Early life and career (1937–1965)
Coltrane was born Alice McLeod on August 27, 1937, in Detroit, Michigan, and grew up in a musical household. Her mother, Anna McLeod, was a member of the choir at her church; her half-brother, Ernest Farrow, became a jazz bassist; and her younger sister, Marilyn McLeod, became a songwriter at Motown. With the encouragement of her father, Alice McLeod pursued music and started to perform in various clubs around Detroit, until moving to Paris in the late 1950s. She studied classical music, and also jazz with Bud Powell in Paris, where she worked as the intermission pianist at the Blue Note Jazz Club in 1960. It was there that McLeod appeared on French television in a performance with Lucky Thompson, Pierre Michelot and Kenny Clarke. She married Kenny "Pancho" Hagood in 1960 and had a daughter with him. The marriage ended soon after, on account of Hagood's developing heroin addiction, and McLeod was forced to return to Detroit with her daughter. She continued playing jazz as a professional in Detroit, with her own trio and as a duo with vibraphonist Terry Pollard. In 1962–63, she played with Terry Gibbs' quartet, during which time she met John Coltrane. In 1965, they married in Juárez, Mexico. John Coltrane became stepfather to Alice Coltrane's daughter Michelle, and the couple had three children together: John Jr. (1964, a bassist who died in a car accident in 1982); Ravi (b. 1965, a saxophonist); and Oranyan (b. 1967, a DJ). Oranyan later played saxophone with Santana for a period of time.

Solo work (1967–1978)
Alice and John's growing involvement in spirituality influenced some of John's compositions and projects, such as A Love Supreme. In January 1966, Alice Coltrane replaced McCoy Tyner as pianist with John Coltrane's group. She subsequently recorded with him and continued playing with the band until John's death on July 17, 1967. After her husband's death, she continued to forward the musical and spiritual vision, and started to release records as a composer and bandleader. Her first album, A Monastic Trio, was recorded in 1967. From 1968 to 1977, she released thirteen full-length records. As the years passed, her musical direction moved further from standard jazz into the more cosmic, spiritual world. Albums like Universal Consciousness (1971), and World Galaxy (1972), show a progression from a four-piece lineup to a more orchestral approach, with lush string arrangements and cascading harps. Until 1973, she released music with Impulse! Records, the jazz label for which her husband recorded.
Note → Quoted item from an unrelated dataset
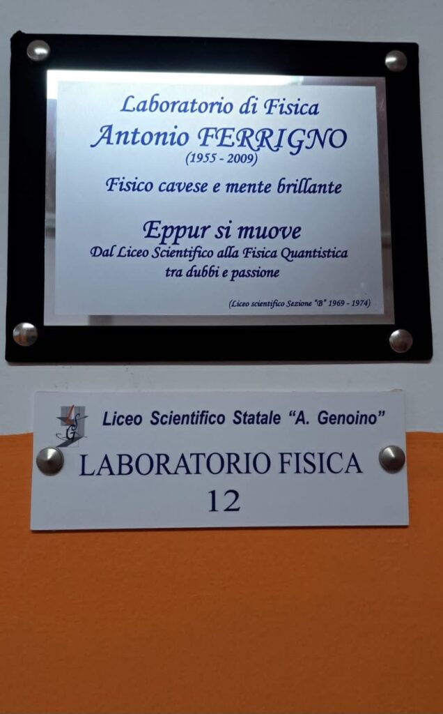 Credere nelle proprie emozioni, sostenere con convinzione le proprie idee, anche quando esse sembrerebbero destinate a scontrarsi contro il muro delle facili convenzioni e delle posizioni di comodo . Tendere al costante miglioramento senza temere le insidie del pensiero dominate. Lottare per il progresso e per l’affermazione della volontà. Anche questi importanti spunti di riflessione sono emersi nel corso della mattinata tenutasi al Liceo Andrea Genoino per ricordare Antonio Ferrigno, illustre cittadino cavese che fu anche liceale brillantissimo alla fine degli anni sessanta. Uno studioso, uno scienziato che ha avuto la forza, il coraggio di animare il dibattito scientifico con mirabili intuizioni, proponendo scenari rivoluzionari capaci di mettere in discussione assiomi ritenuti intoccabili. La fervida lucidità di pensiero, la novità dell’intuito e la ferma determinazione dello scienziato, anche questo è emerso dalla relazione del professore Matteo Cirillo del Dipartimento di Fisica dell’Università Tor Vergata di Roma, che nel suo intervento ha disegnato con semplicità e rigore scientifico i tratti unici di una figura così rilevante nel panorama delle ricerca scientifica internazionale. Ma la grandezza di Antonio Ferrigno non risiede soltanto nella cifra non comune di uno scienziato capace di rovesciare le certezze apparenti per proporre nuove soluzioni tanto e’ che nel corso del convegno la prof.ssa di matematica e fisica Maria Serra e il nipote Vincenzo ferrigno (ex allievo del Genoino) e i compagni di studi al liceo e all’università hanno reso partecipe i numerosi presenti all’ auditorium delle qualità umane Ferrigno. Uno scienziato, una persona perbene, pronta ad aiutare, a sostenere gli altri con slancio generoso e convinzione, tipica qualità degli spiriti puri e delicati, capaci di esprimere valori purtroppo non comuni Pasquale Petrillo, che ha moderato l’incontro, gli interventi delle docenti Mantovani e Lambiase che hanno coordinato un bellissimo lavoro fatto dagli studenti, hanno tutti ricordato non senza un velo di tristezza ed emozione le qualità del loro compagno di scuola scomparso prematuramente in circostanze tragiche in Olanda . Un amico ,un uomo, uno scienziato, la cui memoria si è voluta ricordare con questa giornata intensa e di grande contenuti per trasferire a questa generazione di studenti del liceo Genoino, un momento dedicato solo a lui e con il convinto sostegno del Ds Pietro Mandia. Al termine della mattinata è stata scoperta una targa all’ingresso del laboratorio di Fisica del Liceo Genoino che da oggi per tutti sarà il laboratorio “Antonio Ferrigno”: un piccolo ma significativo segno, a sigillo di uno studioso di fisica che seppe restare per sempre umile e disponibile con tutti. Antonio Ferrigno, uno scienziato dal cuore gentile…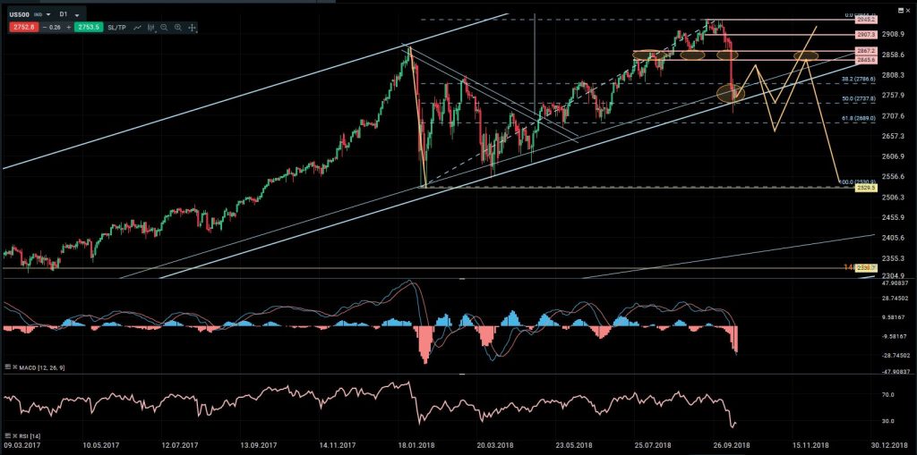 En el último informe comentamos que “en las últimas dos semanas se había formado un pequeño “doble techo” y se había roto la directriz alcista más acelerada. Este movimiento a la baja lo considerábamos una corrección, y por tanto, una oportunidad de compra. Proponíamos aprovechar caídas hacia 2845-2867 para abrir posiciones largas con dos objetivos: en 2945 y 3000 y con un stop por debajo de 2790”. La caída termino siendo mucho más intensa de lo inicialmente previsto. El desplome ha encontrado soporte en torno al 50% de corrección de Fibonacci que coincide con la directriz alcista que se origina a finales de 2015. Sin embargo, cuando se producen este tipo de caídas bruscas lo normal es que no finalicen en “V” sino que se compongan de un rebote seguido de un nuevo proceso de debilidad. Es decir, que podríamos ver cierta estabilización a corto plazo y mejora en el comportamiento del precio pero a continuación tendríamos un segundo impulso a la baja. Esta nueva caída será crucial, ya que si deja un mínimo creciente tendría implicaciones positivas y podríamos volver a trabajar con un escenario de atacar máximos históricos de nuevo de aquí a fin de año, mientras que si la caída tras el rebote marca un nuevo mínimo descendente el daño a la estructura gráfica sería grave, y podría estar marcando el final del “bullmarket” de la bolsa estadounidense.

From 1973 to 1978, she released primarily on Warner Bros. Records until she stepped away from the public eye.

Ashram years (1975–1995)
After the death of her husband, Coltrane experienced a period of trial. She suffered from severe weight loss and sleepless nights, as well as hallucinations. This tapas (a Sanskrit term she used to describe her suffering), led her to seek Hindu spiritual guidance from the guru Swami Satchidananda and later from Sathya Sai Baba. By 1972, she abandoned her secular life, and moved to California, where she established the Vedantic Center in 1975. By the late 1970s, she had changed her name to Turiyasangitananda. She was the spiritual director, or swamini, of Shanti Anantam Ashram (later renamed Sai Anantam Ashram in Chumash Pradesh) which the Vedantic Center established in 1983 near Malibu, California. Alice would perform formal and informal devotional Vedic ceremonies at the ashram. She performed solo chants, known as bhajans, and group chants, or kirtans. She developed original melodies from the traditional chants and started to experiment by including synthesizers and sophisticated song structures. This culminated in her first spiritual cassette, Turiya Sings, in 1982. The cassette was released only to the members of the ashram, through her publishing company, the Avatar Book Institute. Through the mid 1980s into the mid 1990s, she released three more cassettes, Divine Songs in 1987, Infinite Chants in 1990, and Glorious Chants in 1995. New York-based label Luaka Bop released a compilation of tracks from her ashram tapes as World Spirituality Classics 1: The Ecstatic Music of Alice Coltrane Turiyasangitananda in May 2017.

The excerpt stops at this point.